Por Lucas Villasenin
Análisis

La vuelta al gobierno de los demócratas en Estados Unidos reabre el tablero geopolítico global. ¿Qué plantea y qué puede hacer Biden en este contexto? ¿Qué puede pasar en la confrontación con China? ¿Qué desafíos se abren para América Latina?

Foto de portada: AP-Carolyn Kaster

En la edición marzo-abril de 2020 de la revista Foreign Affairs, Joseph  Biden publicó lo que sería su propuesta para la política internacional en caso de llegar a la Casa Blanca. “Why America Must Lead Again” (Por qué Estados Unidos debe volver a liderar) era el título de aquel artículo.

En ese texto Biden hace una enumeración de las consecuencias de la gestión de la política internacional por parte de Trump señalando que: la influencia de Estados Unidos ha disminuido, se ha abandonado a aliados estratégicos en asuntos ligados a Corea del Norte, Irán, Siria, Afganistán o Venezuela y se impuso un desarme diplomático norteamericano en asuntos globales. Biden critica la guerra comercial con China y el proteccionismo, el abandono de acuerdos (como el Acuerdo Climático de París o los acuerdos de no proliferación nuclear) e incluso rechaza la política migratoria trumpista.

Biden en su documento asume que no va firmar grandes acuerdos de libre comercio que vayan en contra del medioambiente o los derechos laborales. En los hechos, es un reconocimiento del fracaso de la estrategia del “pivote a Asia” que impulsó el fracasado Acuerdo Transpacífico de Cooperación Económica (TPP) durante la gestión de Obama y favoreció a Trump en la elección de 2016.

El político demócrata concluye que “no hay tiempo que perder”, haciendo referencia al trabajo del próximo gobierno para reconstruir el liderazgo norteamericano y apoyar a sus aliados. Su objetivo sería hacer triunfar a “la democracia” y al “liberalismo” sobre el “fascismo y el “autoritarismo” creados en el “mundo libre”. Biden promete realizar en el primer año de su gobierno una “Cumbre Global por la Democracia” para renovar el espíritu del “mundo libre” incluyendo a países y a las “organizaciones de la sociedad civil”.

La propuesta de Biden no difiere del espíritu impulsado en los gobiernos de Obama por relanzar el globalismo con predominio estadounidense luego de la crisis de 2008. Aunque es preciso tener en cuenta que las instituciones y el orden global llevaron muchos años de construcción.
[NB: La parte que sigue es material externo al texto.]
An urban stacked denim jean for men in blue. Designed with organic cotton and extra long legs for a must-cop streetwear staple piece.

Entrar al sistema no ha sido fácil para países como China y tampoco ha sido fácil salir para quienes lo intentaron (incluso para Trump). Ahora, Estados Unidos se enfrentará al  inédito desafío de intentar liderar el orden global luego de haber intentado salir de él durante cuatro años.
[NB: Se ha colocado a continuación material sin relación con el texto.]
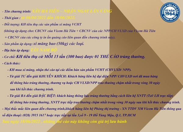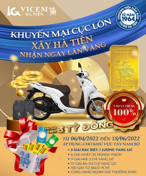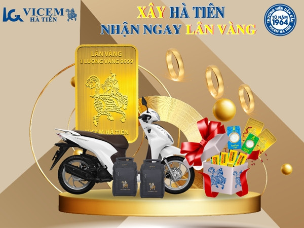 Công ty Cổ phần Xi măng Vicem Hà Tiên triển khai chương trình khuyến mãi mang tên “Xây Hà Tiên - Nhận ngay Lân vàng”, theo đó, khách hàng mua xi măng Vicem Hà Tiên có cơ hội trúng 3 Giải Đặc biệt 1 lượng Vàng miếng SJC 9999, dập ép in logo Vicem Hà Tiên và 6 giải Nhất xe máy Honda Vision phiên bản cá tính.

Las diferencias de contexto respecto del gobierno de Obama no son pocas: la debilidad local de Biden ante un país bloqueado por una gran fractura política y cultural lo obligan, por cierto, a priorizar el orden interno; el desarme diplomático de Trump a nivel global no se reconstruye en unas semanas, y la pandemia del Covid-19 lleva a la globalización a una crisis sin precedentes en la historia. Desde este punto de vista, la pregunta pendiente de resolver en los próximos años es: ¿estamos ante un intento de liderazgo global norteamericano aún más audaz que el impulsado en otras épocas o ante un proyecto plagado de ingenuidades anacrónicas?

China: más problemas, menos soluciones

El intento de la gestión de Obama para frenar el desarrollo de China, mediante el “pivote a Asia”, fracasó. Trump lo enterró y China continuó avanzando en su crecimiento económico, garantizando mejores niveles de vida a sus habitantes y logrando mayor protagonismo internacional. Ahora Biden parece buscar continuar la confrontación abierta por la gestión de Trump, tal vez no tan focalizado en el aumento de aranceles o los acuerdos comerciales, sino abriendo nuevas agendas conflictivas.

Uno de los pocos datos realistas que asume Biden en su caracterización es que durante los últimos años Estados Unidos está perdiendo respecto a China en la disputa tecnológica. Reconoce que hay atraso en tecnologías como el 5G, trenes de alta velocidad, inteligencia artificial, o el desarrollo de energías limpias. El presidente electo de Estados Unidos menciona también el desafío de volver a liderar en ese terreno y enfrentar a China.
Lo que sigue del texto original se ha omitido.